(Data provided Opens)

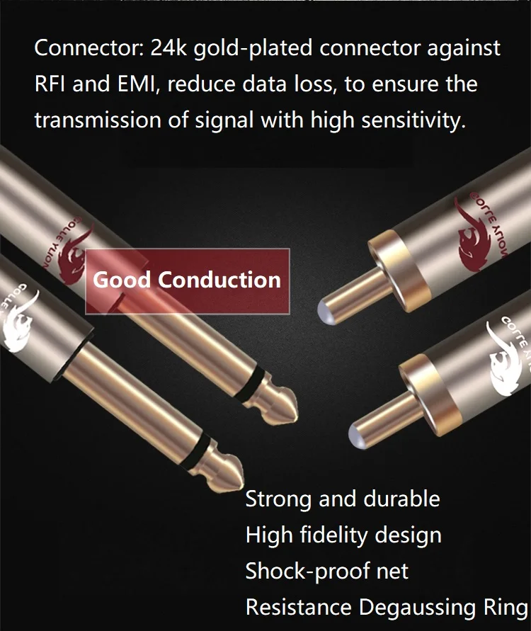 Detailed product description: Type:6.35mm to doul RCA coaxial audio cable Lotus Interface: 6.35mm - 2 RCA cable Color: Red Length: have 1.5-30METER (If you need other length,please contact us.) Conductor: High-quality 4N OFC, antioxidant, for easy transfer and long service life Connector: thick 24K gold-plated connectors Material: 24K gold-plated terminals, copper alloy head assembly, the use of oxygen-free copper (OFC) import terminal, soft materials such as rubber leather, cable soft, bending resistance, no signal attenuation. Features: 1. The 24k gold-plated terminal,zinc alloy assembly head,a soft rubber material,line soft,good flexibility,signal without any attenuation 2. Using high-purity oxygen free copper (OFC)conductor high shielding core isolation audio cable. 3. Anti interference cable structure design,the maximun shielding all the clutter and high quality multilayer shielding wire material 4. Plug the nonmagnetic zn alloy shell protection 5. High density high shielding fidelity design ,strong anti-interference ability ,transmisson signal effect. 6. This product adopts RHOS standard accord with environmental protection materials SEIK0 ,products withstand all kinds of complex environment corrosion resistance ,is the ideal audio transmission line .......
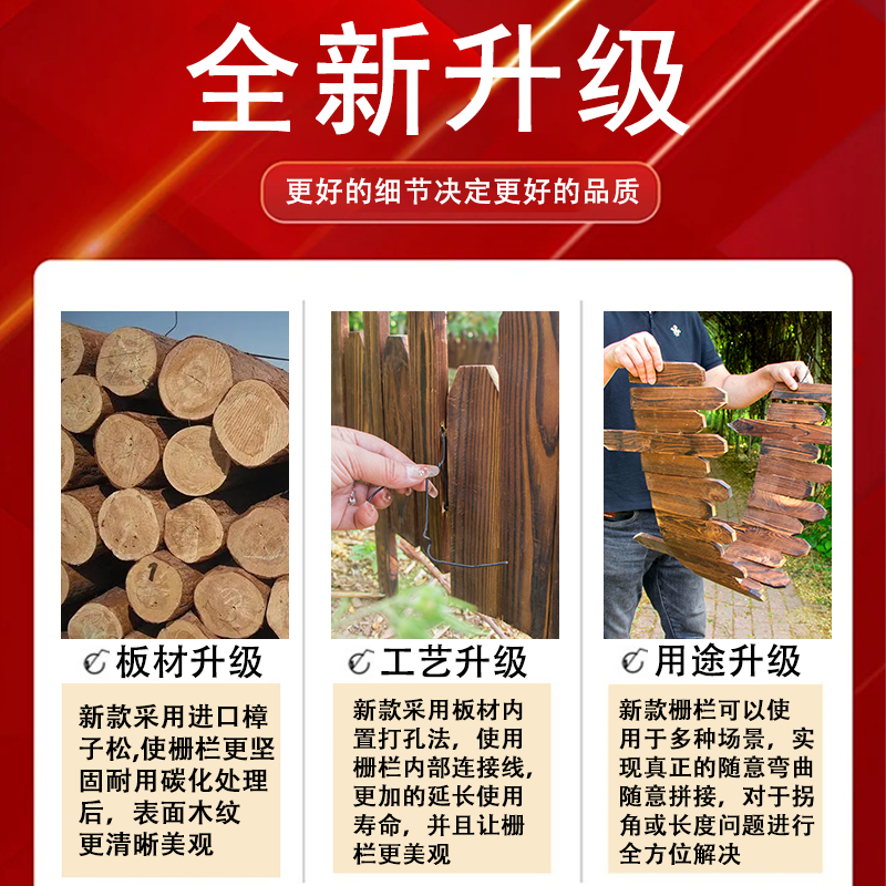 防腐木栅栏插地花园围栏户外庭院花池菜园花坛挡土小篱笆院子装饰
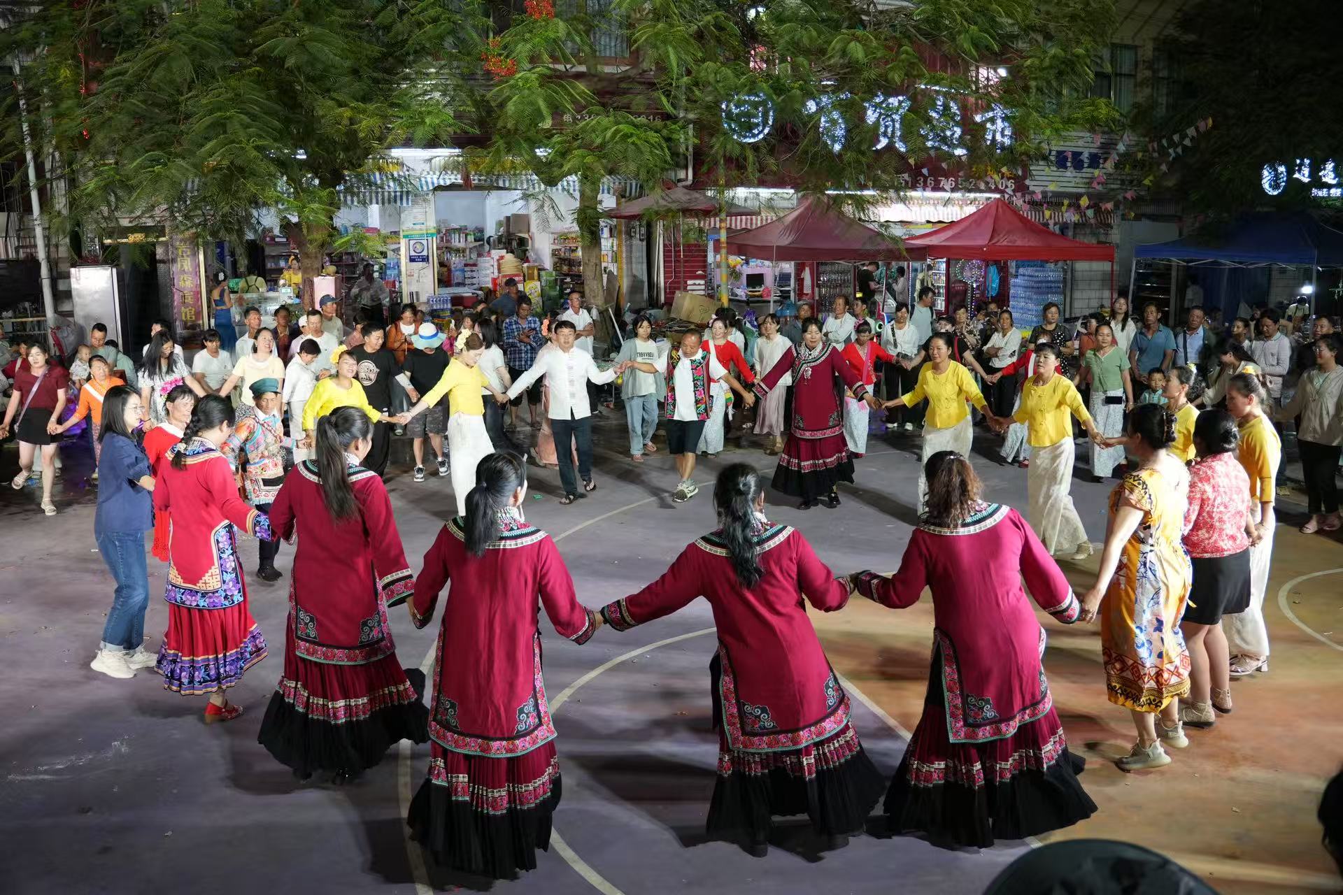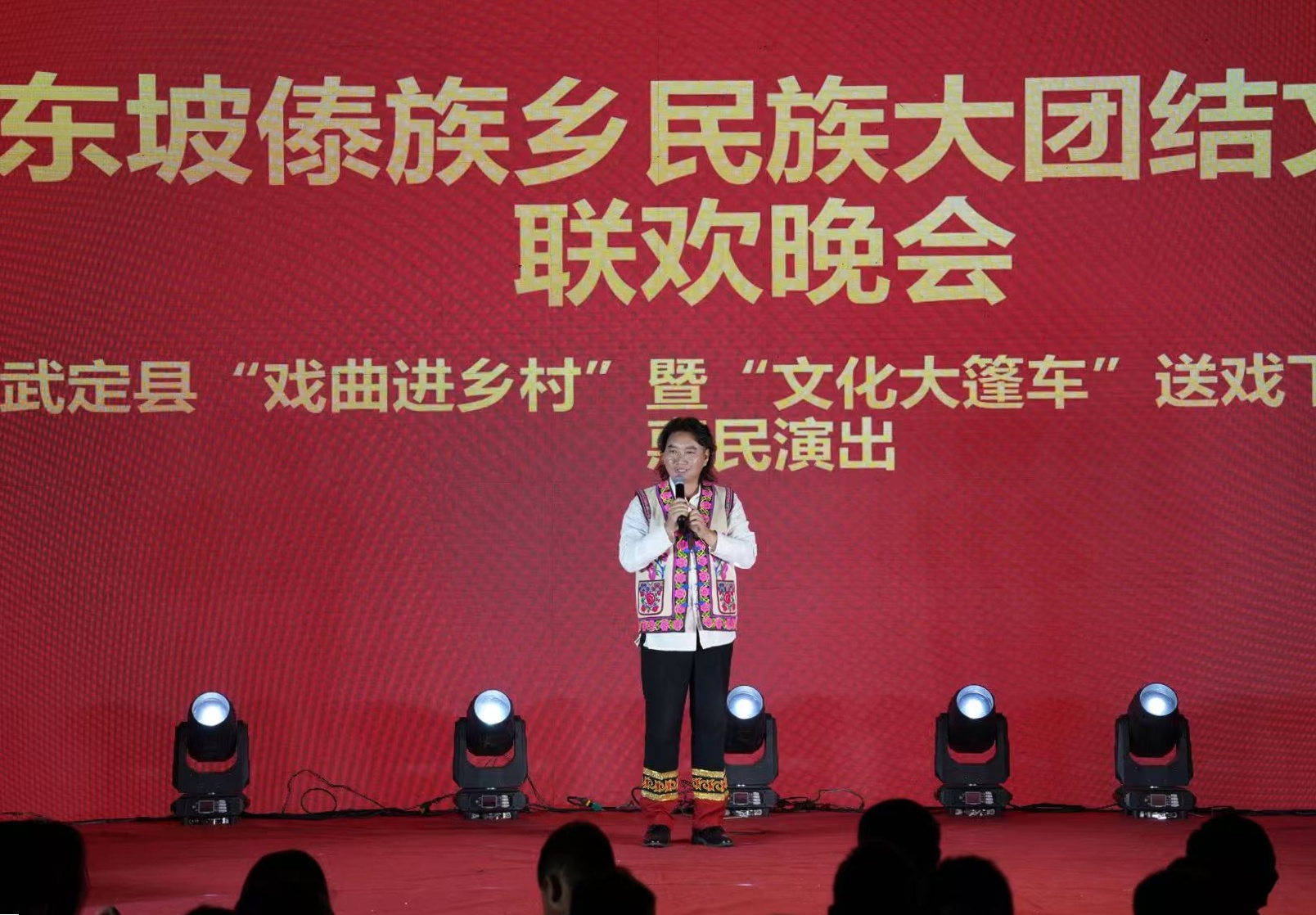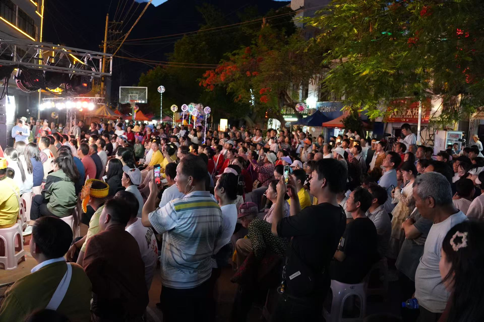 夜幕降临,联欢晚会在璀璨灯光中开场。演员们献上《泼水欢歌》《相约东坡》《竹林恋》等歌舞用优美的舞姿和歌声展现出傣族人民的勤劳、勇敢和智慧,绘就了一幅民族团结的动人画卷,随后,各族群众手拉手,在欢快悠扬的歌声中跳起了节奏明快的传统跌脚舞。

(Data provided Closes)

= Problem description =
Return the material as it stands. Leave out the pictures.

= Solution for this exercise =
 Detailed product description: Type:6.35mm to doul RCA coaxial audio cable Lotus Interface: 6.35mm - 2 RCA cable Color: Red Length: have 1.5-30METER (If you need other length,please contact us.) Conductor: High-quality 4N OFC, antioxidant, for easy transfer and long service life Connector: thick 24K gold-plated connectors Material: 24K gold-plated terminals, copper alloy head assembly, the use of oxygen-free copper (OFC) import terminal, soft materials such as rubber leather, cable soft, bending resistance, no signal attenuation. Features: 1. The 24k gold-plated terminal,zinc alloy assembly head,a soft rubber material,line soft,good flexibility,signal without any attenuation 2. Using high-purity oxygen free copper (OFC)conductor high shielding core isolation audio cable. 3. Anti interference cable structure design,the maximun shielding all the clutter and high quality multilayer shielding wire material 4. Plug the nonmagnetic zn alloy shell protection 5. High density high shielding fidelity design ,strong anti-interference ability ,transmisson signal effect. 6. This product adopts RHOS standard accord with environmental protection materials SEIK0 ,products withstand all kinds of complex environment corrosion resistance ,is the ideal audio transmission line .......
 防腐木栅栏插地花园围栏户外庭院花池菜园花坛挡土小篱笆院子装饰
 夜幕降临,联欢晚会在璀璨灯光中开场。演员们献上《泼水欢歌》《相约东坡》《竹林恋》等歌舞用优美的舞姿和歌声展现出傣族人民的勤劳、勇敢和智慧,绘就了一幅民族团结的动人画卷,随后,各族群众手拉手,在欢快悠扬的歌声中跳起了节奏明快的传统跌脚舞。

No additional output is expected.